The limit book constantly is changing and, to make things worse, there often is hidden size. On many exchanges, it’s quite possible for the limit book to show 25 shares available at $101 and yet fill Bob for all 50 at that level. There could be hidden shares which automatically replenish the sell-order but are not visible in the feed. This is intentional. Most of the time, we only have access to simple data: the current quote and the last trade price.
Note that the crossing procedure described is performed automatically almost everywhere these days. Most exchanges run “ECNs”, electronic crossing networks. An algorithm accepts orders which conform to the tick-size and other exchange rules, crossing them or adjusting the limit book accordingly. This is conceptually simple, but the software is rather involved. Because of the critical nature of an exchange, the technology has to be robust. It must be able to receive high volumes of orders with minimal latency; process them, cross them, and update the limit book; transmit limit-book, quote, and trade information to data customers; manage back-end and regulatory tasks such as clearing trades, reporting them, and processing payments; and do all this at extremely high speed, across many stocks and feeds concurrently, and with significant resilience.

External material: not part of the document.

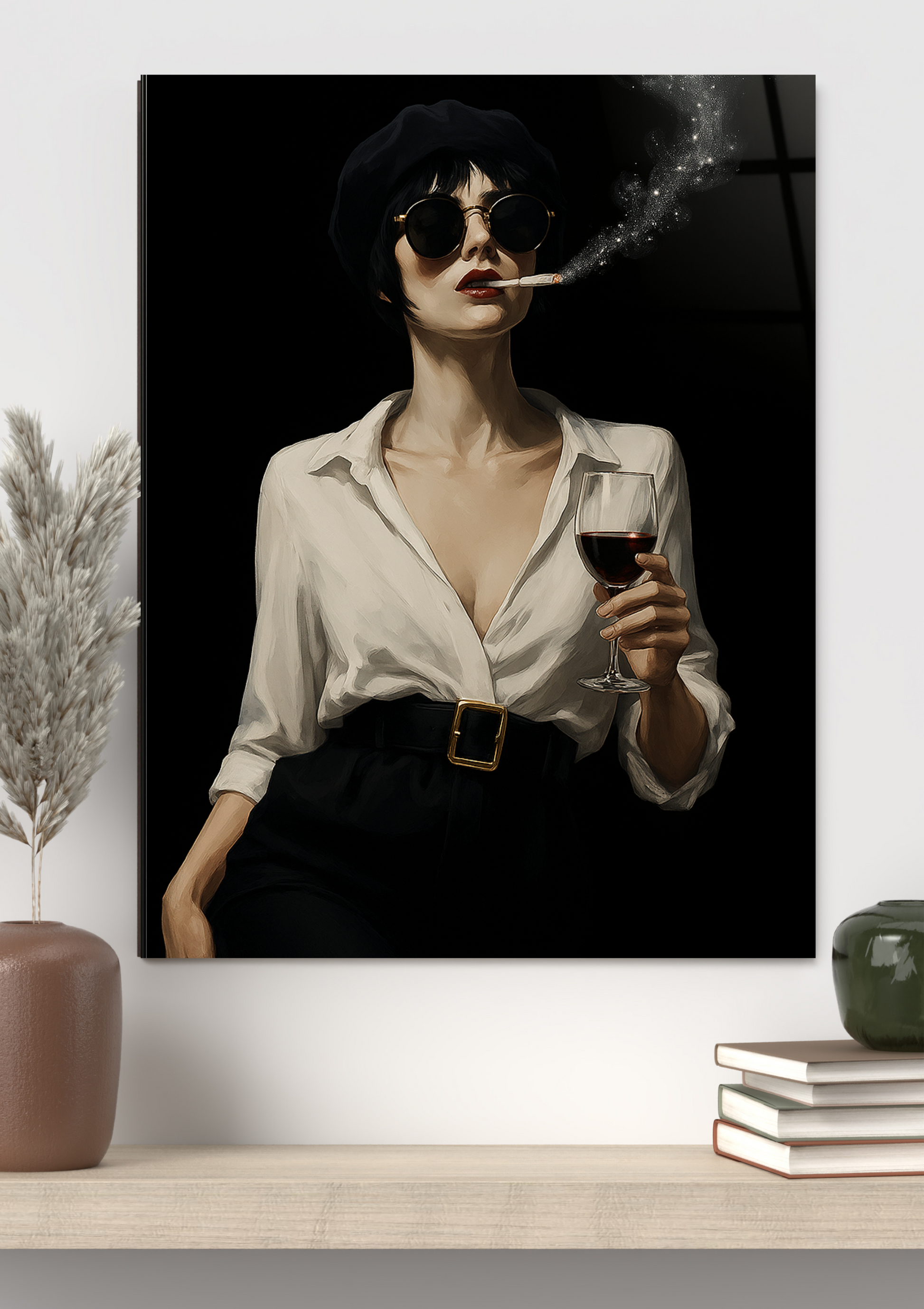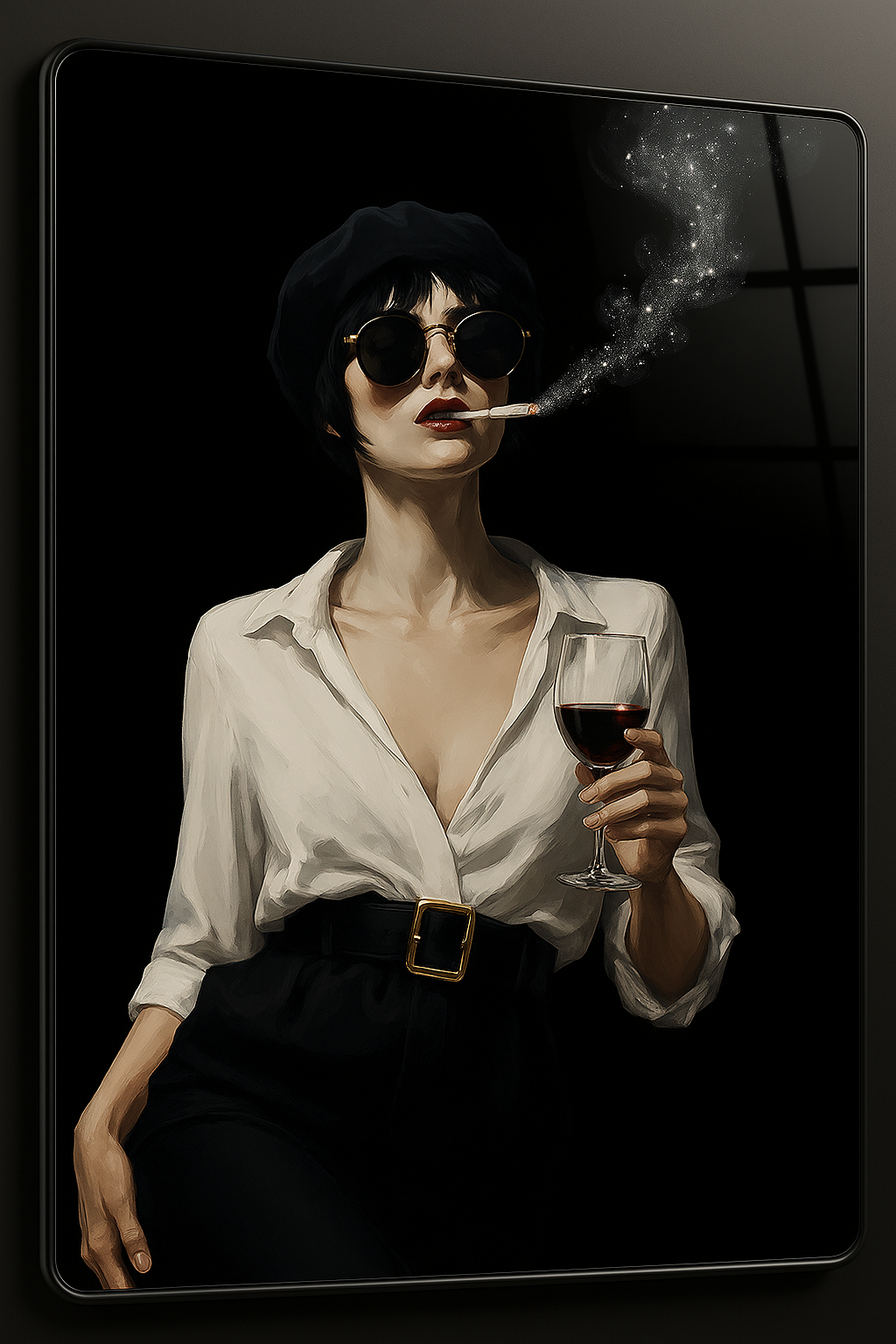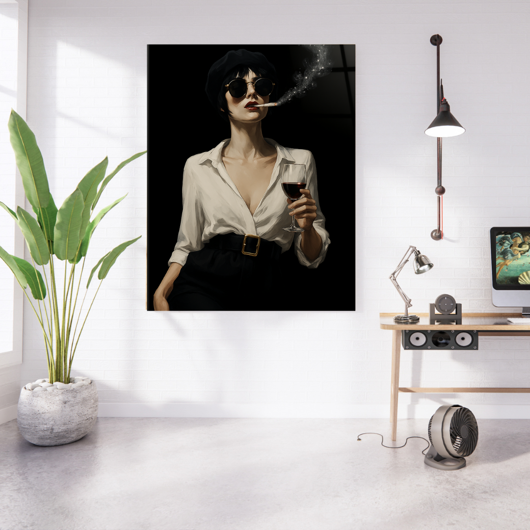 Dripping with noir glamour and unapologetic attitude, Velvet Vice captures a mysterious femme in dark shades, cigarette smoke curling like stardust, and a glass of red in hand. Framed in high-gloss glass, this bold wall art oozes elegance, rebellion, and vintage seduction—perfect for edgy, modern spaces.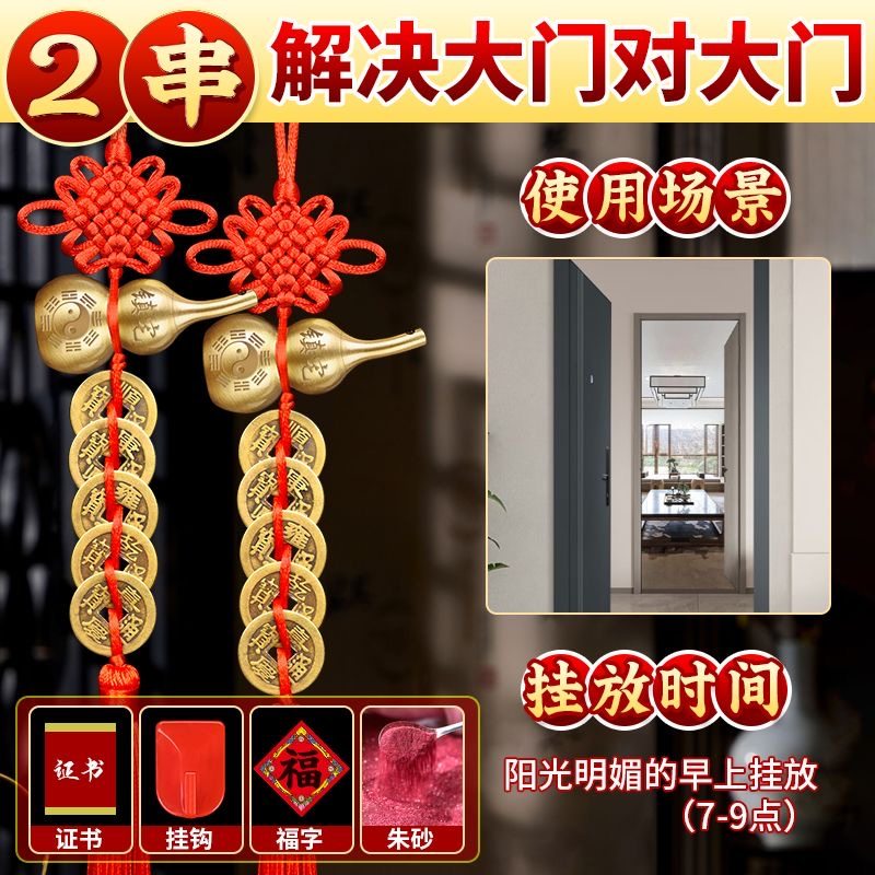 五帝钱葫芦挂件门对门真品朱砂大门卧室窗户铜钱挂门物件黄铜钱串

It definitely beats a bunch of screaming people and trade slip confetti.
Myth 5: The price at the close of Day 1 is the price at the open of Day 2. This clearly is not true, and often the overnight move is huge and predicated on different dynamics than intra-day moves. There are two effects involved. Some exchanges make provision for after-market and pre-open trading, but the main effect is the opening auction. Whenever there is a gap in trading, the new trading session begins with an opening auction. Orders accumulate prior to this, populating the limit book. However, no fills can occur. This means that the two sides of the limit book can overlap, with some bids higher than some asks. This never happens during regular trading because of the crossing procedure described earlier, and this situation must cleaned up before ordinary trading can begin.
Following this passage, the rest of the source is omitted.